• _RECORDS FOR THE TASK_
--- START ---
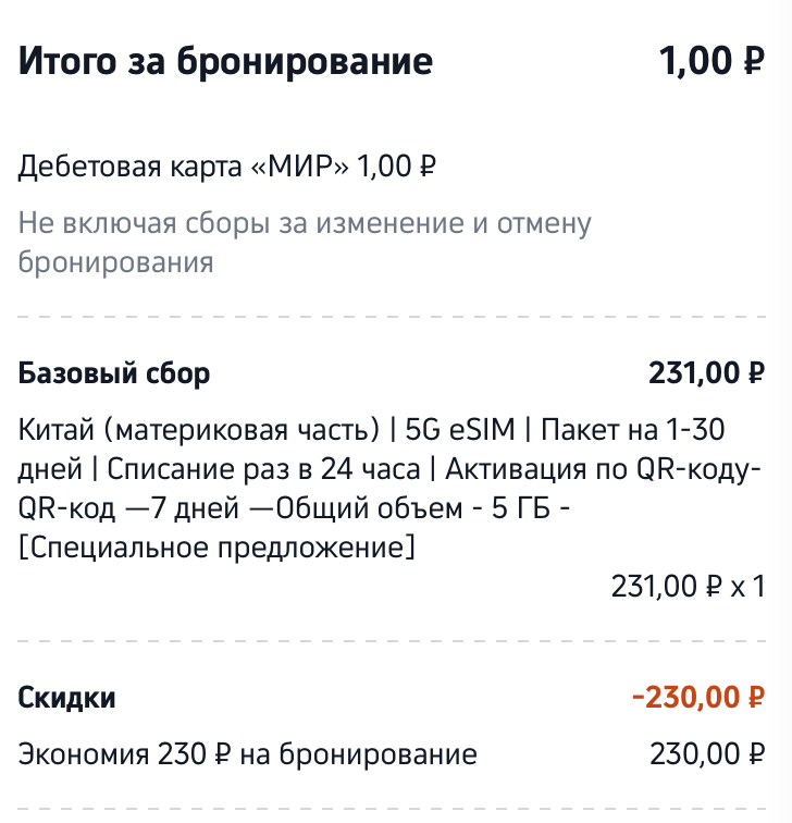 Причем на странице, где перечислялись доступные для приобретения есим, в отношении этой вообще не было указано на наличие каких-либо скидок.
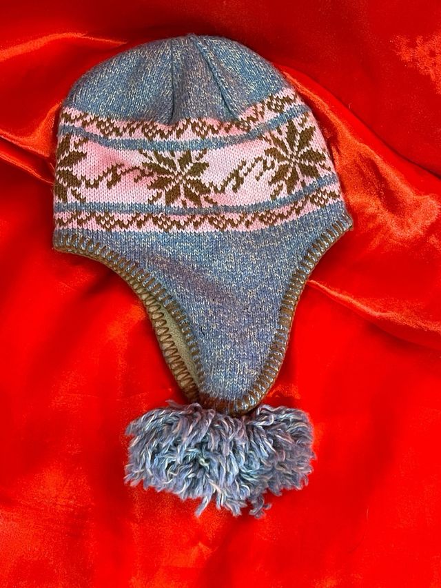 berretto in lana blu e rosa.
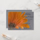 Den vackra Orange Margerita Bröllopsinbjudan kan anpassas med namnen på bruden och brudgummen samt detaljer om vigsel och mottagning för att inbjuda gäster till er kommande vigsel. Denna eleganta anpassade botaniska bröllopsinbjudan har ett blomfotografi av en orange gerbermargerita blomma på stjälken med en grå bakgrund.
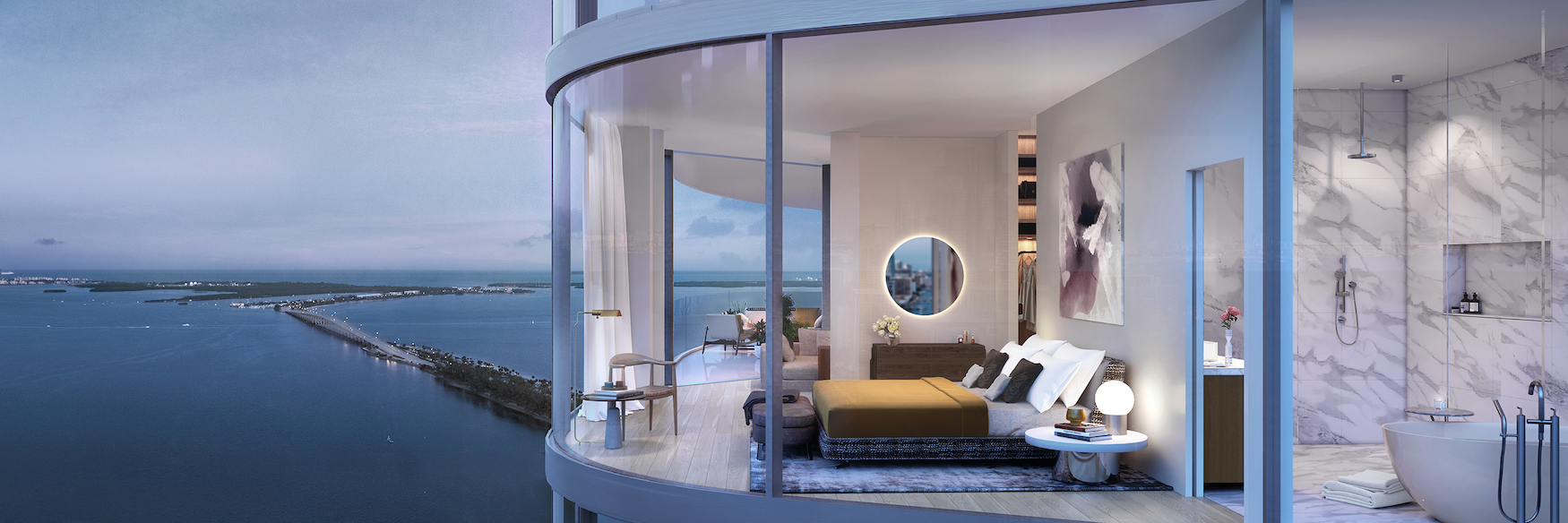 With 135 residences spanning 47 floors, Una is just as dramatic up close as it is from afar.From a distance, the iconic 47-story tower is recognizable by its smooth, light-metallic surface and striking silhouette that recalls the natural shape of a wave. This thoughtful cantilevered detail maximizes views in every direction, from the city skyline to the Atlantic Ocean and Biscayne Bay.
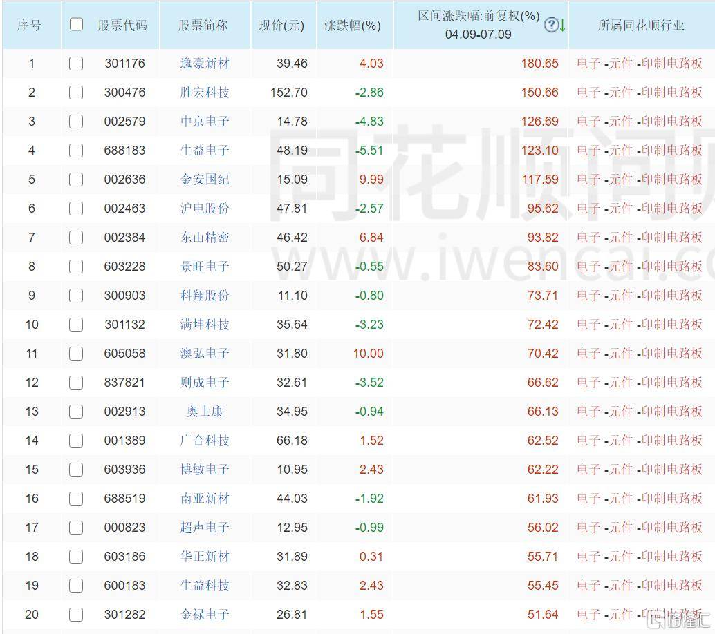 其中,逸豪新材、胜宏科技、中京电子、生益电子、金安国纪股价翻倍,沪电股份、东山精密累计涨幅超90%,景旺电子、柯翔股份、超声电子、生益科技等13只个股涨幅超50%。
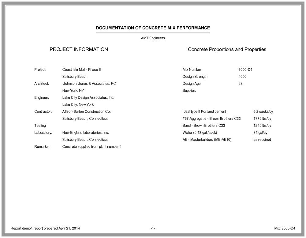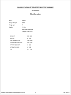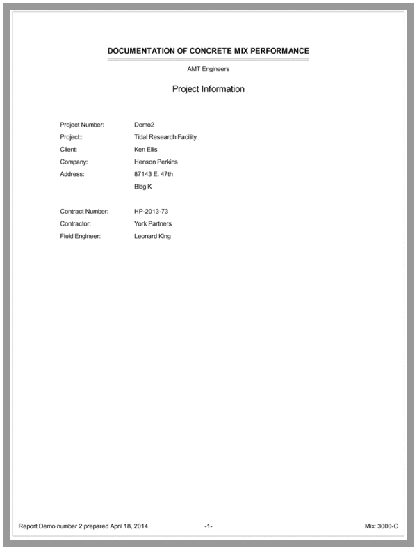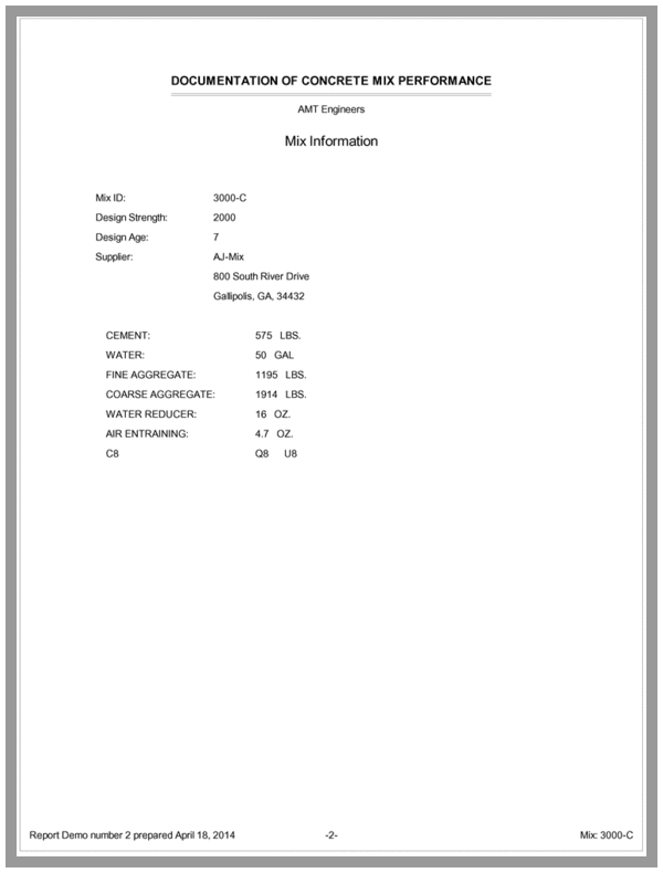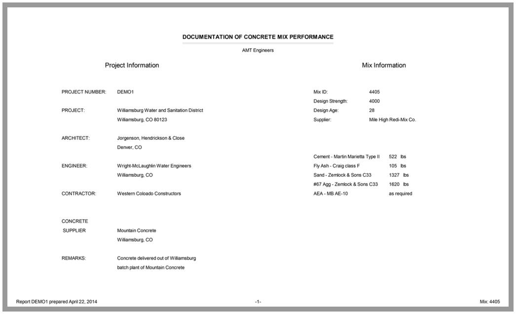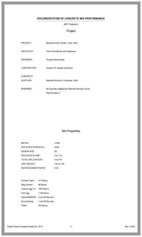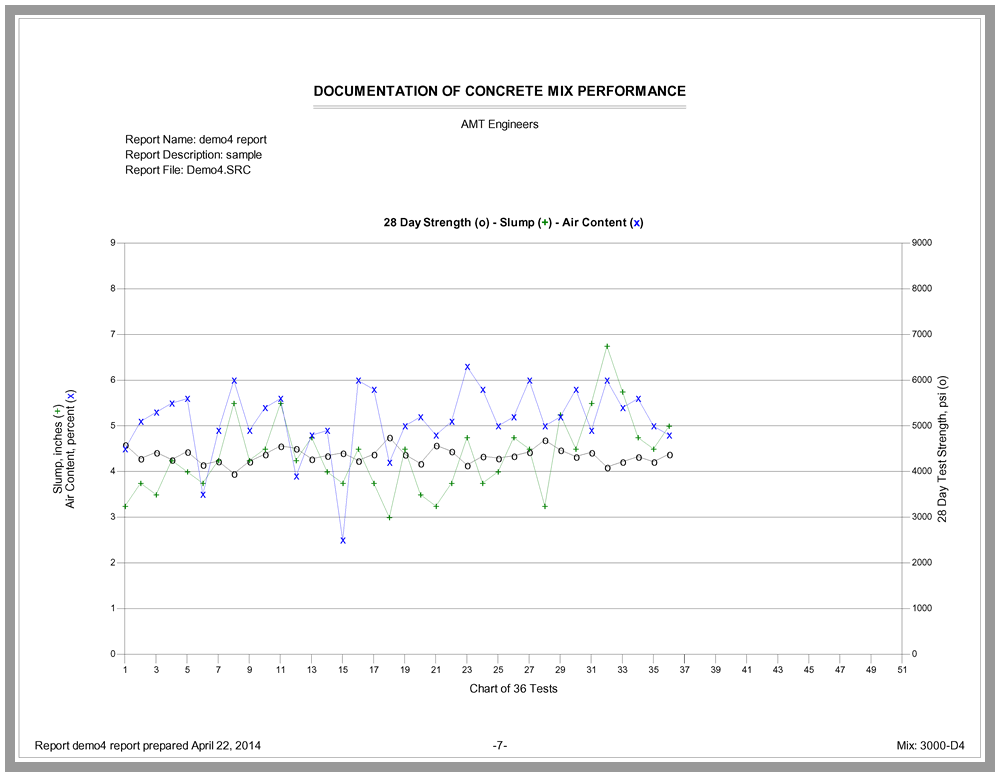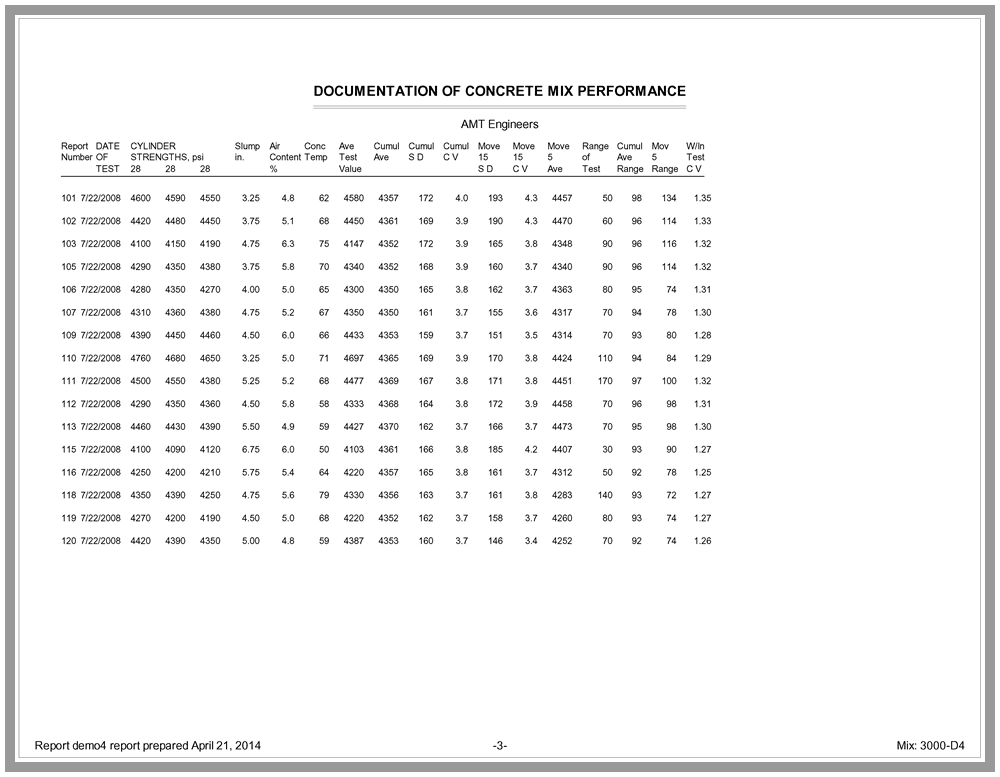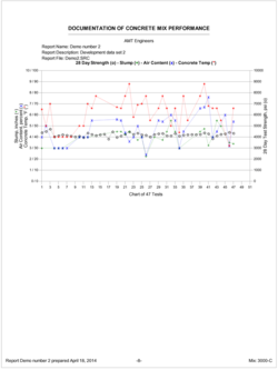 - Non-statistical items reported can include specimen strengths, test result, slump, air, and temperature
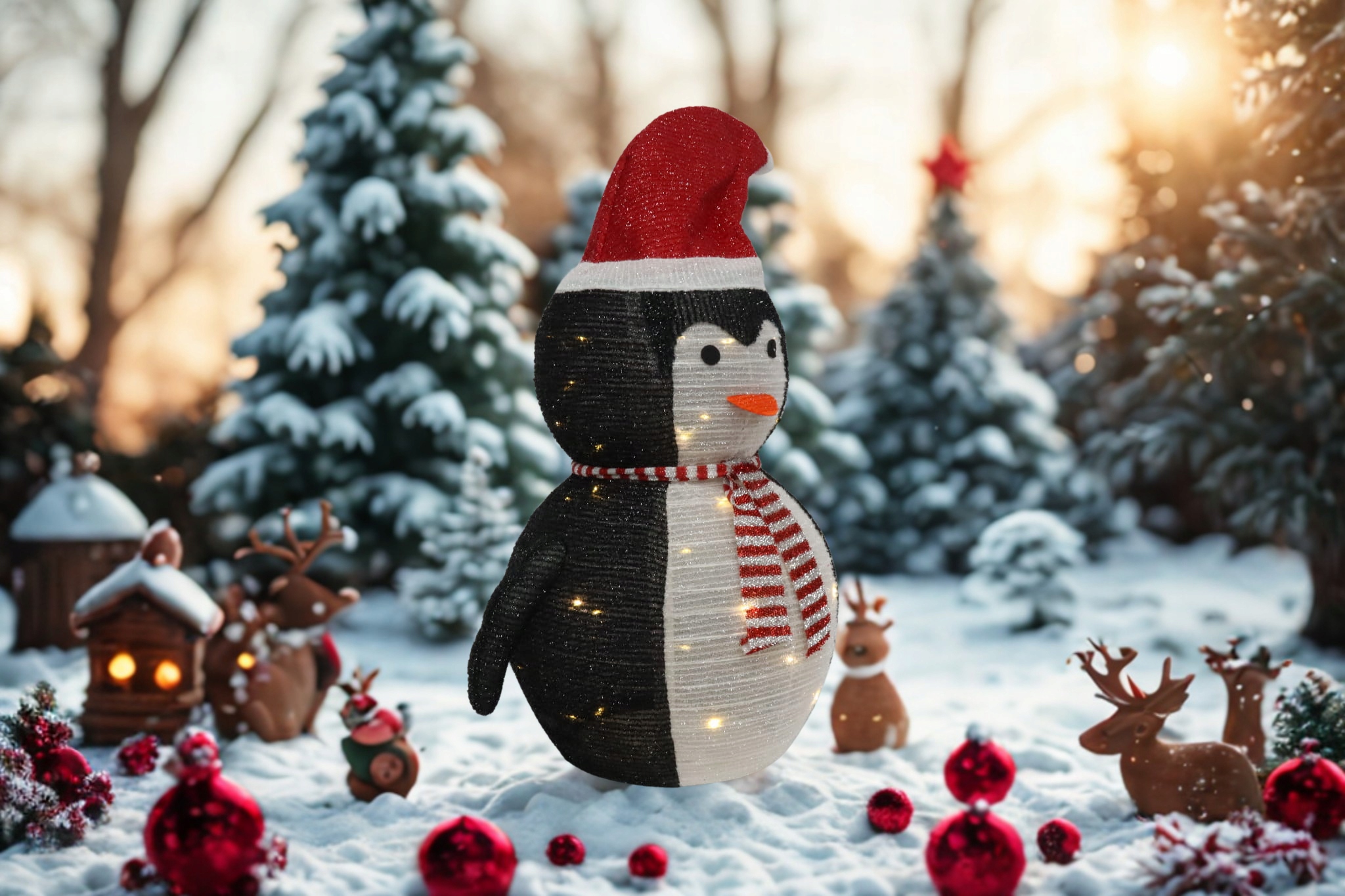 Милая новогодняя игрушка в виде пингвина, украшенная светодиодными лампочками, излучающими теплый свет. У пингвина красный полосатый шарфик и шапка Санты, что придает ему неповторимый, зимне-рождественский характер. Это прекрасное украшение, которое привнесет в обстановку радость и дружескую атмосферу.
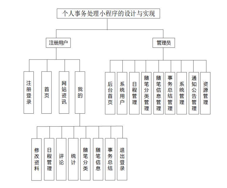 整个个人事务处理小程序是由多个功能模块组合而成的,根据用户需求分析,本系统主要可以划分为注册用户和管理员两大模块。各模块又可细分为不同的子功能设计,实现多角色协作,负责不同的职能,每个角色对应的功能模块如图所示。
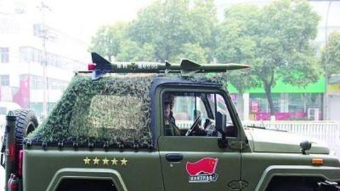 一男子改装吉普车上装“导弹”
--- END ---
• _WORK INSTRUCTION_
The records above, copied word for word without the pictures, are what should be output.

• _RESPONSE TO THIS TASK_
 Причем на странице, где перечислялись доступные для приобретения есим, в отношении этой вообще не было указано на наличие каких-либо скидок.
 berretto in lana blu e rosa.
 Den vackra Orange Margerita Bröllopsinbjudan kan anpassas med namnen på bruden och brudgummen samt detaljer om vigsel och mottagning för att inbjuda gäster till er kommande vigsel. Denna eleganta anpassade botaniska bröllopsinbjudan har ett blomfotografi av en orange gerbermargerita blomma på stjälken med en grå bakgrund.
 With 135 residences spanning 47 floors, Una is just as dramatic up close as it is from afar.From a distance, the iconic 47-story tower is recognizable by its smooth, light-metallic surface and striking silhouette that recalls the natural shape of a wave. This thoughtful cantilevered detail maximizes views in every direction, from the city skyline to the Atlantic Ocean and Biscayne Bay.
 其中,逸豪新材、胜宏科技、中京电子、生益电子、金安国纪股价翻倍,沪电股份、东山精密累计涨幅超90%,景旺电子、柯翔股份、超声电子、生益科技等13只个股涨幅超50%。
 - Non-statistical items reported can include specimen strengths, test result, slump, air, and temperature
 Милая новогодняя игрушка в виде пингвина, украшенная светодиодными лампочками, излучающими теплый свет. У пингвина красный полосатый шарфик и шапка Санты, что придает ему неповторимый, зимне-рождественский характер. Это прекрасное украшение, которое привнесет в обстановку радость и дружескую атмосферу.
 整个个人事务处理小程序是由多个功能模块组合而成的,根据用户需求分析,本系统主要可以划分为注册用户和管理员两大模块。各模块又可细分为不同的子功能设计,实现多角色协作,负责不同的职能,每个角色对应的功能模块如图所示。
 一男子改装吉普车上装“导弹”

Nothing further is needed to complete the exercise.